Would you please set down the data again exactly as given, excluding the pictures?

───── EXTRACTED MATERIAL

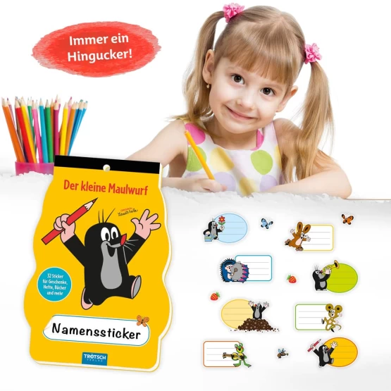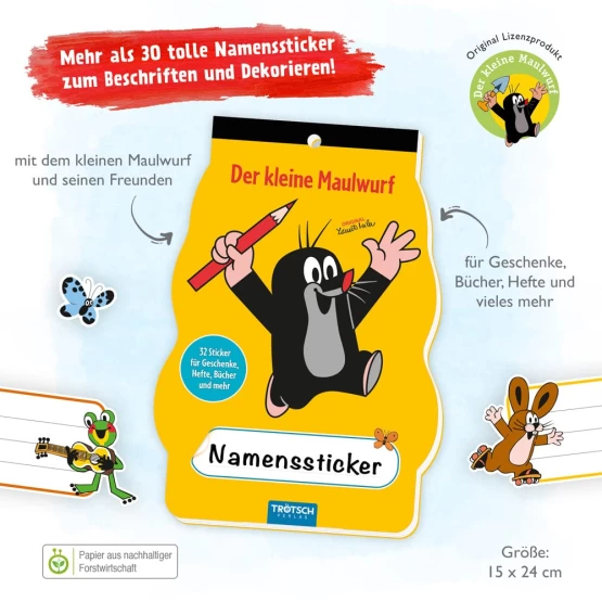 Αυτοκόλλητες ετικέτες για βιβλία και τετράδια. Το μπλοκ περιλαμβάνει 4 φύλλα με χαρούμενες αυτοκόλλητες ετικέτες από τη σειρά DER KLEINE MAULWURF
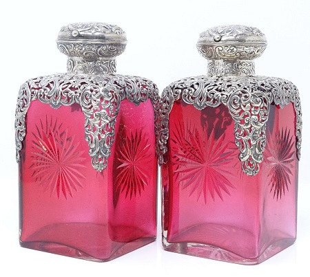 A pair of Victorian silver overlay cranberry glass spirit decanters, with pierced shoulders and relief embossed floral flower and butterfly decoration, by William Comyns, hallmarks London 1893, height 16.5cm
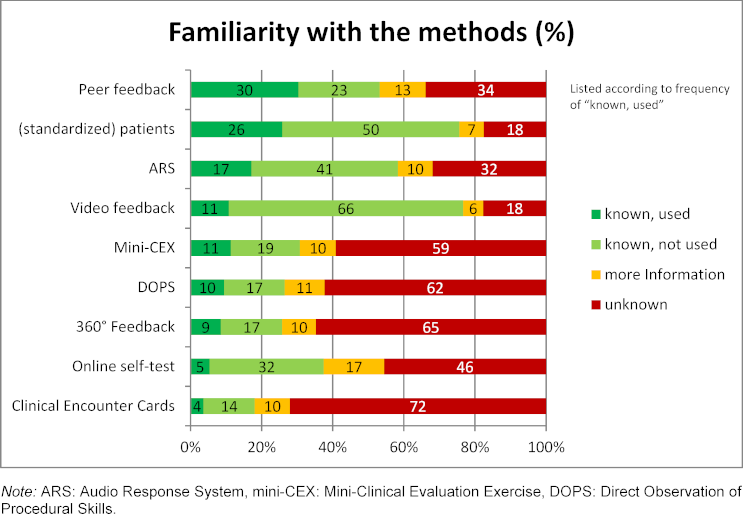 Several feedback methods are not known to the majority of the instructors. 360° feedback was unknown to 65% of those surveyed; this lack of familiarity is also very relevant for the checklists. CEC is unknown to 72% of the instructors. A total of 62% are not familiar with DOPS and 59% of the lecturers are not familiar with mini-CEX.
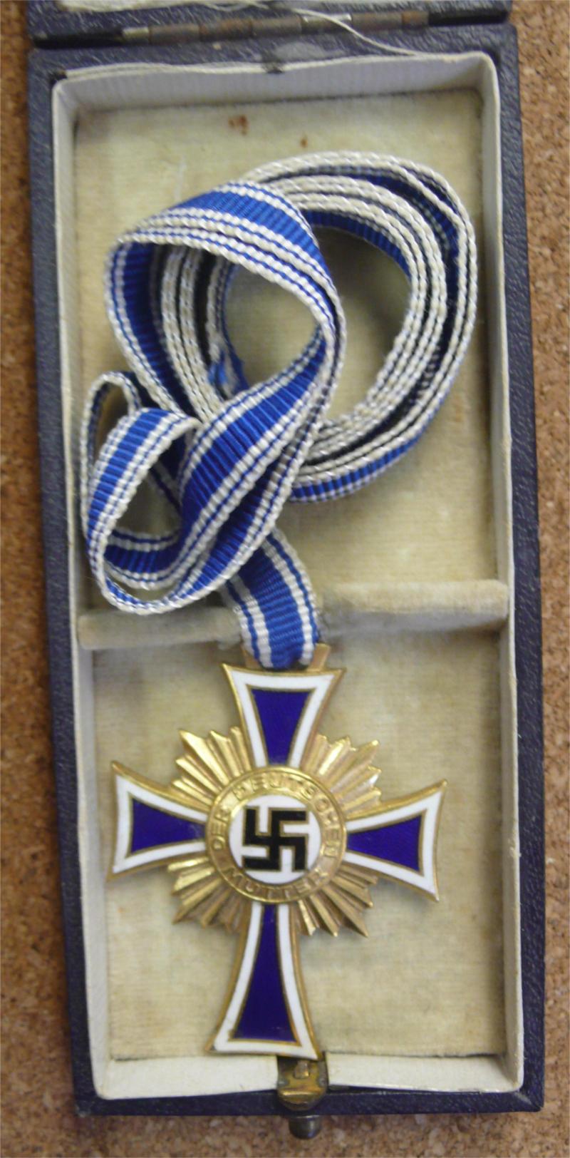 About a Gold mothers cross holder. "MUTTER BERTA" by Rudolf Haas. Cased medal is in fine condition, although the case shows minor signs of wear, but no damage.
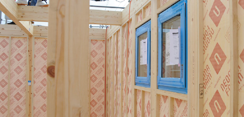 構造躯体は、木造住宅では他にないサッシ一体型の「未来パネル」を採用しています。

──────────

→ **ANSWER FOR THIS EXERCISE**:
 Αυτοκόλλητες ετικέτες για βιβλία και τετράδια. Το μπλοκ περιλαμβάνει 4 φύλλα με χαρούμενες αυτοκόλλητες ετικέτες από τη σειρά DER KLEINE MAULWURF
 A pair of Victorian silver overlay cranberry glass spirit decanters, with pierced shoulders and relief embossed floral flower and butterfly decoration, by William Comyns, hallmarks London 1893, height 16.5cm
 Several feedback methods are not known to the majority of the instructors. 360° feedback was unknown to 65% of those surveyed; this lack of familiarity is also very relevant for the checklists. CEC is unknown to 72% of the instructors. A total of 62% are not familiar with DOPS and 59% of the lecturers are not familiar with mini-CEX.
 About a Gold mothers cross holder. "MUTTER BERTA" by Rudolf Haas. Cased medal is in fine condition, although the case shows minor signs of wear, but no damage.
 構造躯体は、木造住宅では他にないサッシ一体型の「未来パネル」を採用しています。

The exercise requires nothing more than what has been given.